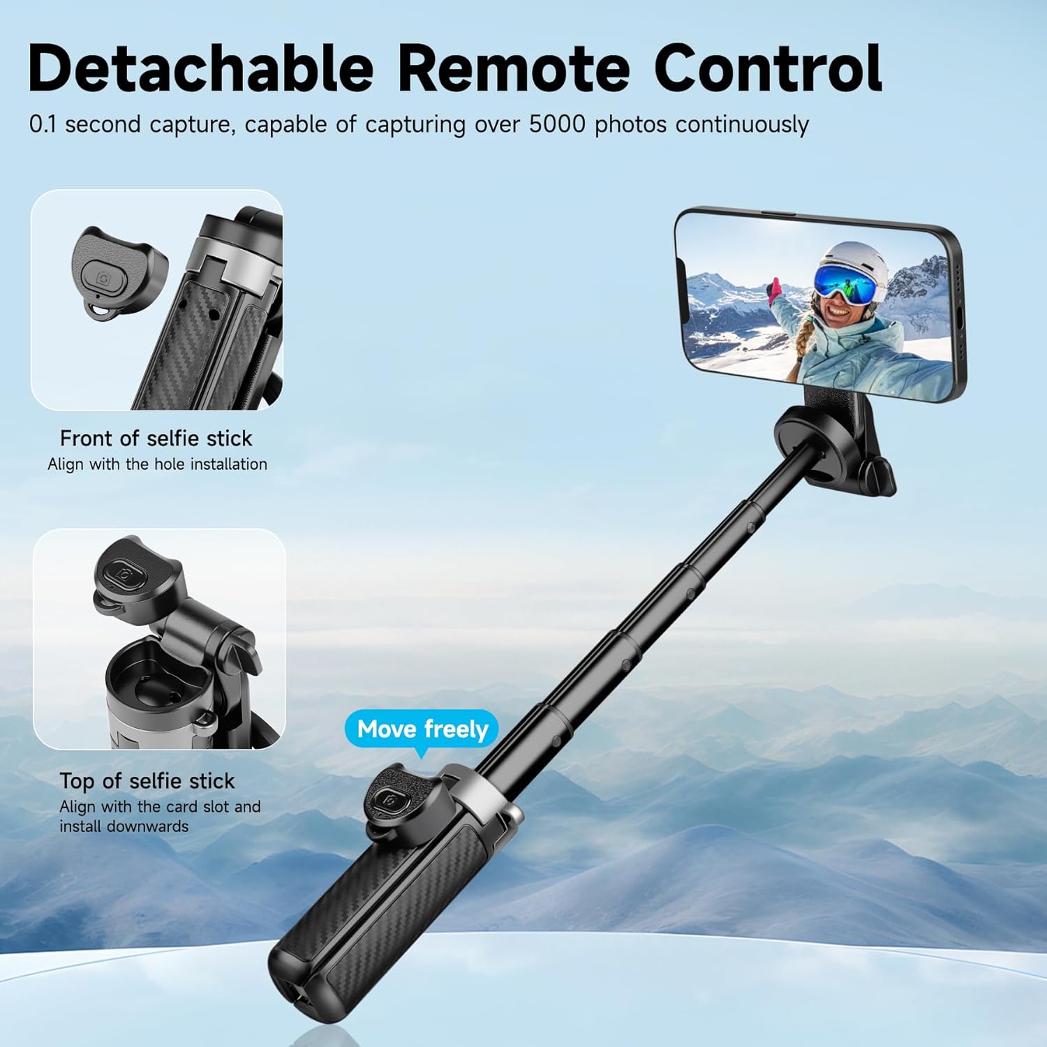 - 【Portable and Lightweight & Versatility】Stylish Design for Women, to document their lives on the go. Perfectly sized at just 11cm when folded – smaller than your phone! Weight just 113g. It's easily fits into your bag or pocket without adding extra bulk. Snap-Open Simplicity, Just pull to extend the sturdy aluminum pole and lock it securely in place – no complicated assembly. Retractable selfie stick beyond basic selfies, switch freely between 3 modes. Selfie Stick Tripod & Phone Tripod & Handheld Grip.
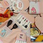 سرویس آشپزخانه کتان 20 تکه رزین تاژ طرح رابید صورتی
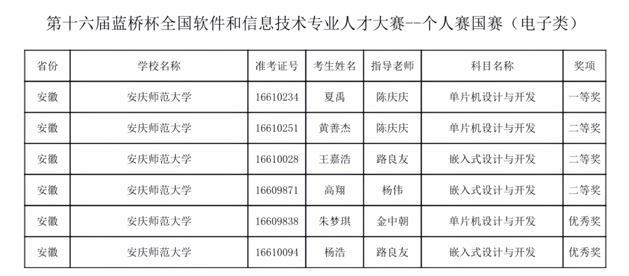 近日,第十六屆“藍橋杯”全國軟件和信息技術專業人才大賽全國總決賽落下帷幕。我校電子工程與智能制造學院學生在電子類比賽項目中獲一等獎1項、二等獎3項、優秀獎2項,計算機與信息學院學生在軟件類比賽項目中獲二等獎2項、三等獎5項、優秀獎2項。
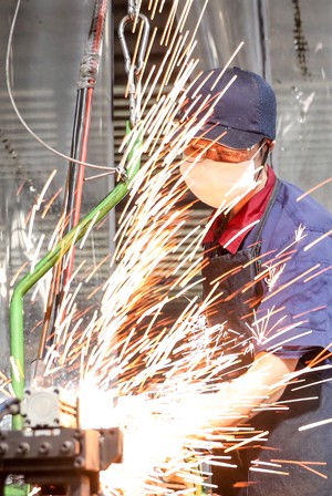 2023年7月25日,四川省廣安華鎣山經(jīng)開(kāi)區(qū)正梁機(jī)械加工廠的工人, 在焊花飛濺的高溫中加緊趕制與重慶、成都等地企業(yè)配套的機(jī)械產(chǎn)品,保障 “訂單”需求。
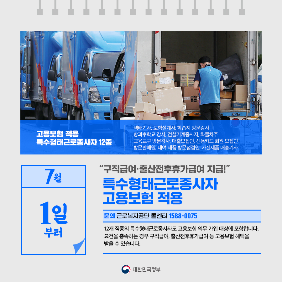 ◆ “구직급여·출산전후급여 지급!”… 특수형태근로종사자 고용보험 적용 (7월 1일부터)
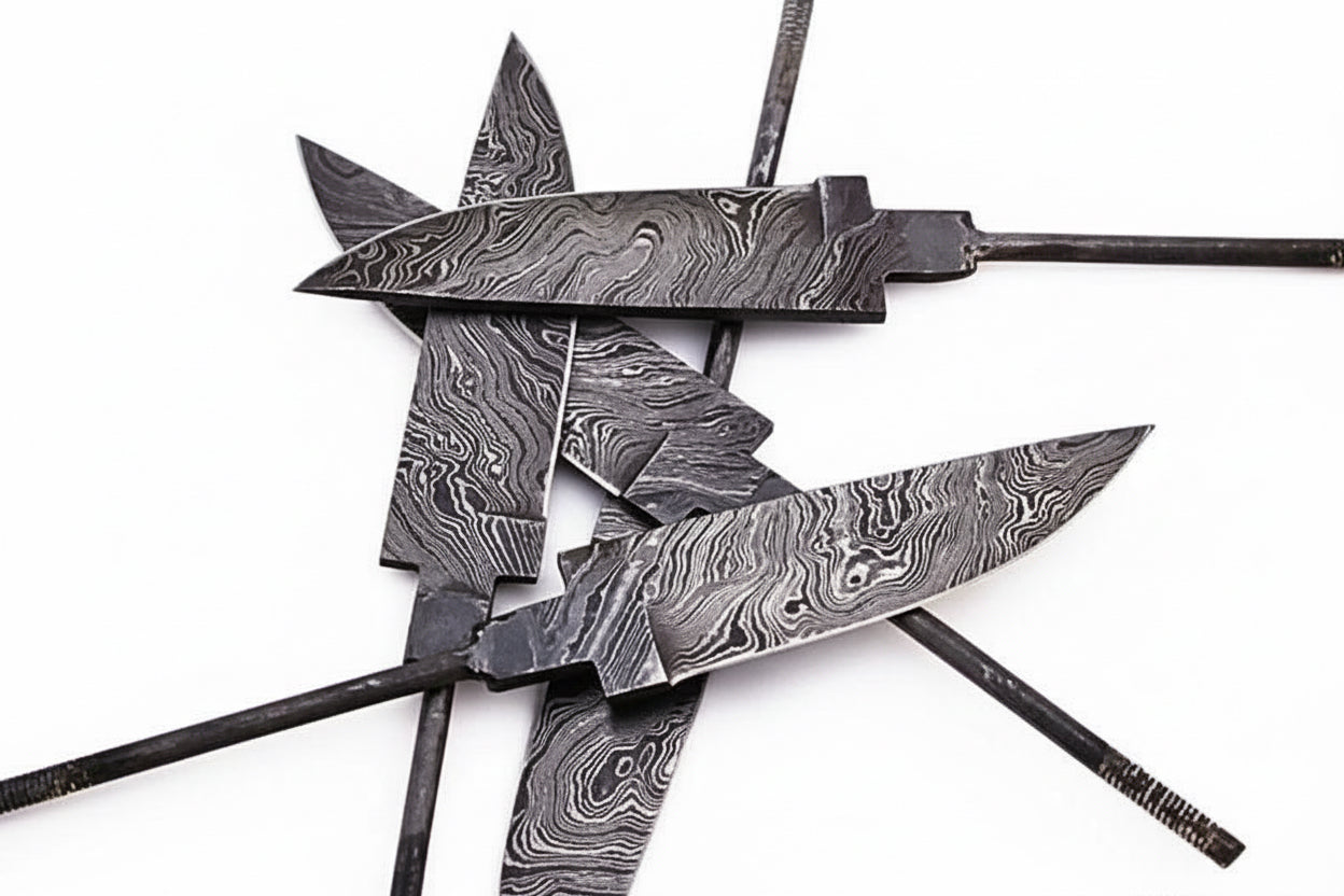 Discover the exquisite craftsmanship of the **5 Pieces Custom Handmade Damascus Steel Blank Blades / Knife Making Unready Blades /Hunting Knives DK-0146** by Divine Enterprises.
════
• [Directions] Extract, word for word, each line from the one that contains "سرویس آشپزخانه کتان" through the final line of the data above. Leave the pictures out.

• [Output of the exercise]
 سرویس آشپزخانه کتان 20 تکه رزین تاژ طرح رابید صورتی
 近日,第十六屆“藍橋杯”全國軟件和信息技術專業人才大賽全國總決賽落下帷幕。我校電子工程與智能制造學院學生在電子類比賽項目中獲一等獎1項、二等獎3項、優秀獎2項,計算機與信息學院學生在軟件類比賽項目中獲二等獎2項、三等獎5項、優秀獎2項。
 2023年7月25日,四川省廣安華鎣山經(jīng)開(kāi)區(qū)正梁機(jī)械加工廠的工人, 在焊花飛濺的高溫中加緊趕制與重慶、成都等地企業(yè)配套的機(jī)械產(chǎn)品,保障 “訂單”需求。
 ◆ “구직급여·출산전후급여 지급!”… 특수형태근로종사자 고용보험 적용 (7월 1일부터)
 Discover the exquisite craftsmanship of the **5 Pieces Custom Handmade Damascus Steel Blank Blades / Knife Making Unready Blades /Hunting Knives DK-0146** by Divine Enterprises.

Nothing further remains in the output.